While companies should adopt principles that work within their own specific cultures, Duolingo’s can serve as an inspiration to other teams. Their operating principles include:

  • Learners first (aka users first)
  • Take the long view
  • Prioritize ruthlessly
  • Test everything
  • Ship it
  • Strive for excellence
  • Be candid and kind

Bonus: Experimentation culture even permeates the hiring process. For prospective PMs, hiring managers share a current in-flight experiment and have the PM walk them through what changes, if any, they would make given the results.

How to Get Started

  • Make sure you’re at the right scale for A/B testing.
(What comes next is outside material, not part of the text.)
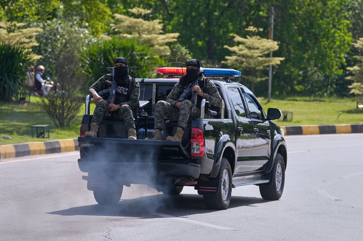 [이슬라마바드=AP/뉴시스] 21일(현지 시간) 파키스탄 이슬라마바드에서 미국과 이란 간 2차 종전 협상을 앞두고 준군사 조직 병력이 주변을 순찰하며 경계를 강화하고 있다. 2026.04.21.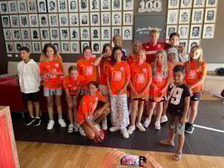Na de wedstrijd, waarbij de meiden enigszins onder de indruk waren van de uitsupporters waar ze vlakbij zaten, mochten ze Sem in het spelershonk ontmoeten.

If you have dozens of customers, running A/B tests makes no sense, since you simply don’t have the data. While there’s no hard rule, a soft threshold is around ~100,000 users or more.
  • Have the right tools to make experimentation easy. If you want to run a lot of experiments, the marginal cost (whether measured in time or dollars) of each experiment should be small — the cost should be “less than 5% of overhead” — for both technical and non-technical employees. You’ll need to invest in the infrastructure to make running tests easy.
  • Document and train relentlessly. If you want to build a culture where nearly every team member can launch an experiment, you will need very precise documentation on how to execute experiments.
  • Know what to measure… and prioritize what matters. Be thoughtful about what you choose to measure when it comes to experiments — only measure the things that actually affect your business. And perhaps even more importantly, make sure your entire team has a shared understanding of what matters the most.